Для Бен-Иехуды национальная культура и национальный язык невозможны без реальной социальной почвы национальной жизни. Такое понятие, как «народ Духа», на котором Смоленский основывал свою деятельность до 1881 года, оторвано от почвы этой реальности и поэтому обрекает дело на неудачу. Как у прочих народов мира национально-политическое и языковое возрождение связаны друг с другом, так же будет и у евреев:

«Напрасно будем мы взывать: поддержим язык иврит, чтобы он не умер! Только если мы оживим нацию и вернем ее на родную землю, оживет и язык иврит. Ибо, в конце концов, господа, только этим мы спасемся навеки, а без этого спасения погибнем, погибнем навсегда!..

Еврейская религия может продолжать свое существование и на чужой земле; она изменит свой облик, приспособившись к месту и времени, и ее судьба будет той же, что и судьба всех религий. Но нация? Нация будет жить только на своей земле, на этой земле она обновится, вернет себе свою молодость и принесет великолепные плоды, как в былые дни!»

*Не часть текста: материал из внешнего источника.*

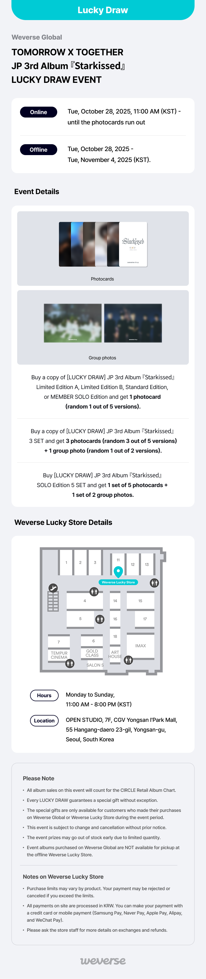 [Weverse Global] TOMORROW X TOGETHER JP 3rd Album 『Starkissed』 LUCKY DRAW EVENTN
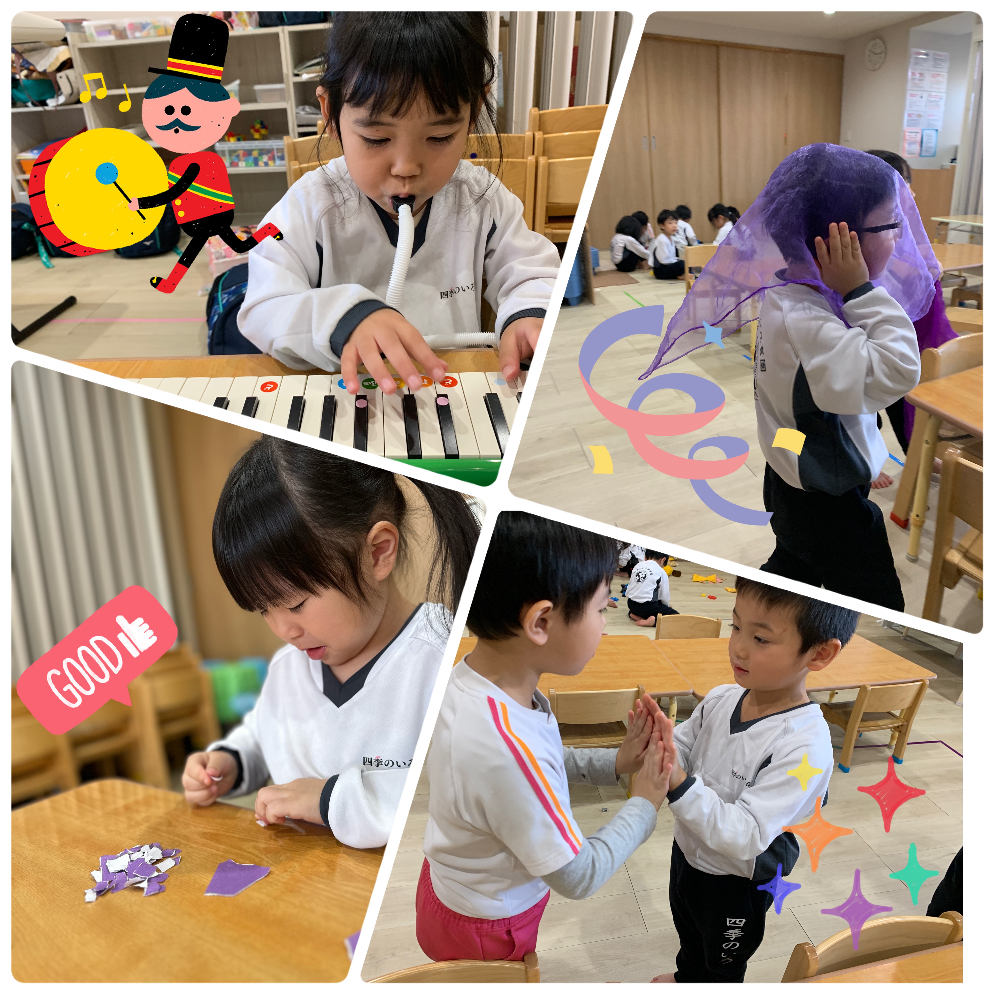 季節の歌をみんなで歌ったり、鍵盤ハーモニカを吹いたりして楽しく参加していました💕
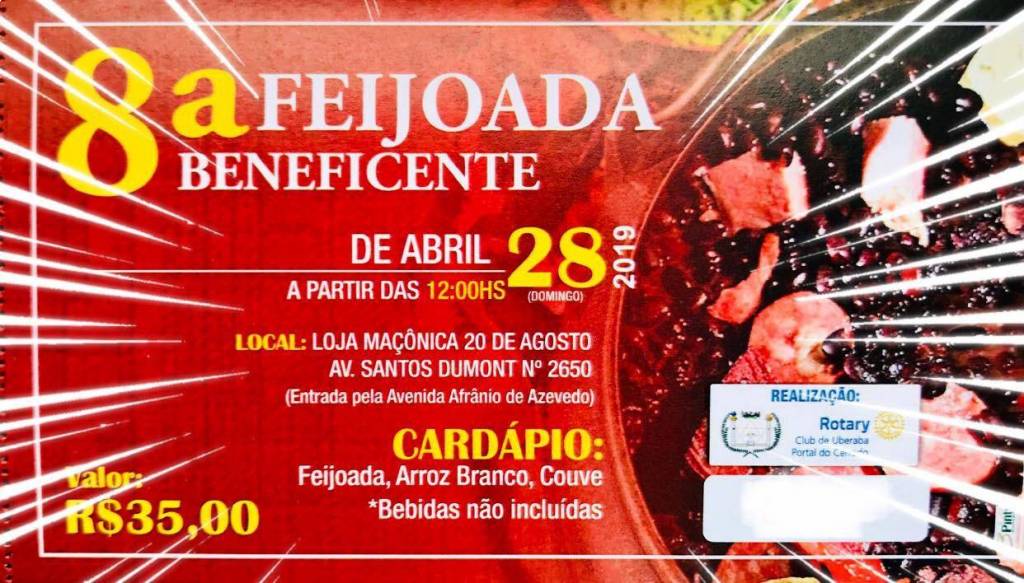 Realizada dia 28 de abril, com renda para a Creche Pequena Casa de Maria e Fundação Rotária (campanha contra a paralisia infantil), a tradicional feijoada tem como principal parceira a Loja Maçônica 20 de Agosto que cede seu salão de festas e cozinha gratuitamente.
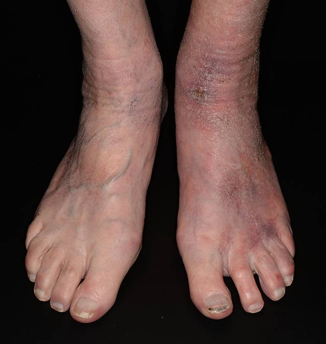 Auf eine chronische Veneninsuffizienz (CVI) ist der größte Teil der Beingeschwüre zurückzuführen. Meist entsteht die Insuffizienz postthrombotisch. Das dermatologische Bild besteht anfangs aus einer Corona phlebectatica am Plantarrand und einem ödematösen Knöchelbereich. Darauffolgend können Hyper- und Depigmentierungen, eine Atrophie blanche, Stauungsekzeme oder trophische Störungen mit Indurationen (Abb. 2) entstehen. Auch Störungen des Nagelwachstums mit Onychomykosen sind möglich [32]. Therapiert werden kann die CVI mittels Bandagen bzw. Kompressionsstrümpfen, um den venösen Rückfluss zu unterstützen. Zusätzlich kann/können eine antiseptische Therapie oder Glukokortikoide angewendet werden. Das nicht allzu schmerzhafte Ulcus cruris stellt die häufigste Komplikation dar, welches meist am distalen Unterschenkel, im Bereich des medialen Knöchels, entsteht [7].
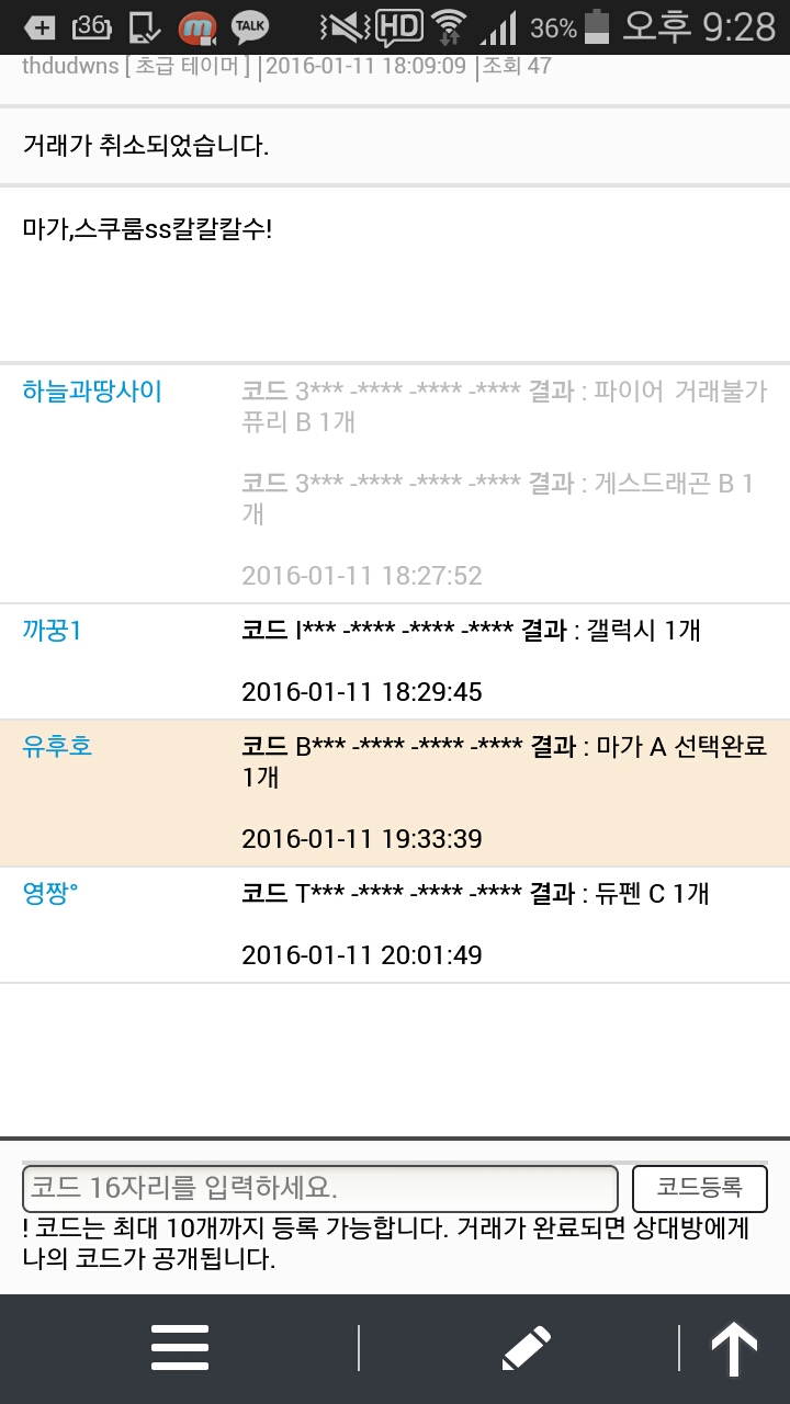 잠깐 딴거하다 확인하니 마가a는가져가고 거래취소네요 ㅋㅋ

Переезд Бен-Иехуды в Эрец-Исраэль и его деятельность в Иерусалиме, сопровождавшаяся трудной борьбой с религиозными фанатиками, рассматривавшими превращение иврита в язык повседневного общения как «богохульство», — все это явилось логическим и последовательным выводом из его мировоззрения, видящего в национальной революции широкое народно- общественное явление, которое не может быть уделом одного лишь тонкого, наиболее образованного слоя.

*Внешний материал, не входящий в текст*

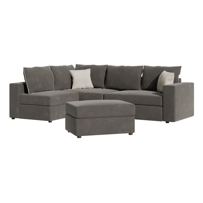 Πολυμορφικός-αναστρέψιμος καναπές London pakoworld ποντικί ύφασμα με μαξιλάρια σε απόχρωση ανοιχτό γκρι 296x246x95εκ
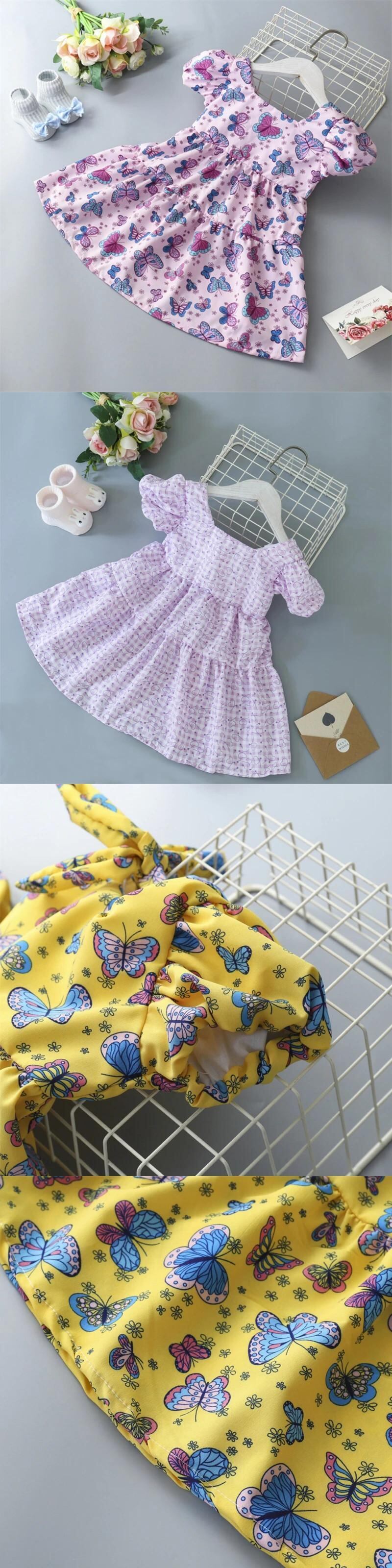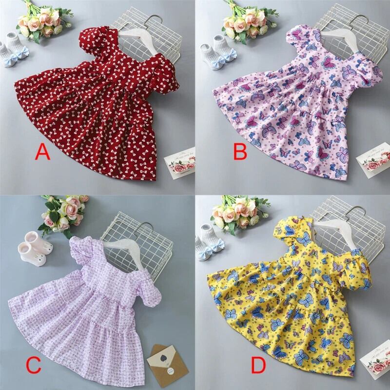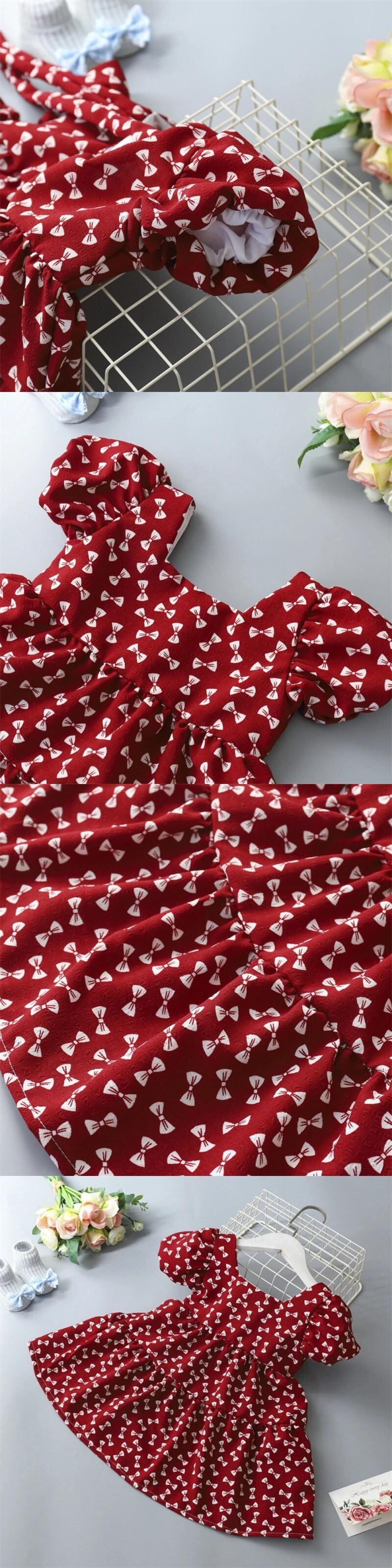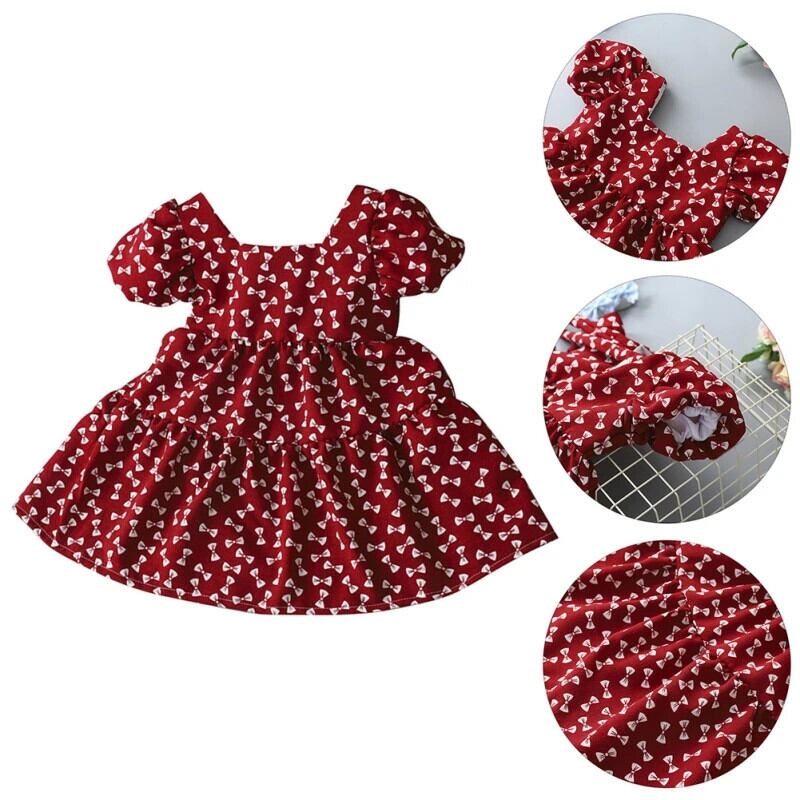 夏キッズ女子ドレスパフスリーブ女赤ちゃんフラワープリントちょう結びドレスガールドレス リボン サマー 夏物 フラワーデザイン

Это «хождение в народ», превращение иврита в язык, усваиваемый с раннего детства, представляет собой вторую языковую революцию, которой подвергся иврит в XIX веке, последовавшую за первой, превратившей его из языка «священного» в язык образованных кругов. В этом заключается специфический вклад Бен-Иехуды, который он воплотил в своей интеллектуальной деятельности и общественной борьбе, переселившись в Эрец-Исраэль. Еврейский народ, язык иврит и Эрец-Исраэль по-новому переплелись у него, составив единое целое.

Приложение
Э. Бен-Иехуда. ПИСЬМО ИЗДАТЕЛЮ ГАЗЕТЫ «ХА-ШАХАР»

(1880)[1]

29 кислева 5641, Алжир Издателю «Ха-Шахар» привет! С Вашего позволения, сударь, я желал бы высказать несколько замечаний, касающихся Вашей статьи «Еврейский вопрос — вопрос жизни». Я не имею представления о том, что Вы, сударь, собираетесь еще сказать по этому вопросу в последующих номерах «Ха-Шахар», но ваш основной тезис кажется достаточно ясным на основании вводной части, которую я прочел. Поэтому я и осмелился разобрать Вашу статью и отослать Вам свои критические замечания, уверенный в том, что Вы не истолкуете моих возражений превратно и опубликуете их в «Ха-Шахар».

В этой статье Вы, сударь, сами разрушаете все, что с таким трудом создали за последнее десятилетие. До сего дня Вы были верны доктрине Избавления, бывшей основною, сквозной темой всех Ваших писаний, — до такой степени, что в одной из своих книг Вы выразили убеждение в том, что всякий оставляющий эту надежду перестает тем самым быть евреем; Вы стремились восстановить наш народ из руин, Вы обрушились на «Берлинское просвещение» и его основателей за то, что они изгнали из сердец своих последователей надежду на Избавление нашего народа.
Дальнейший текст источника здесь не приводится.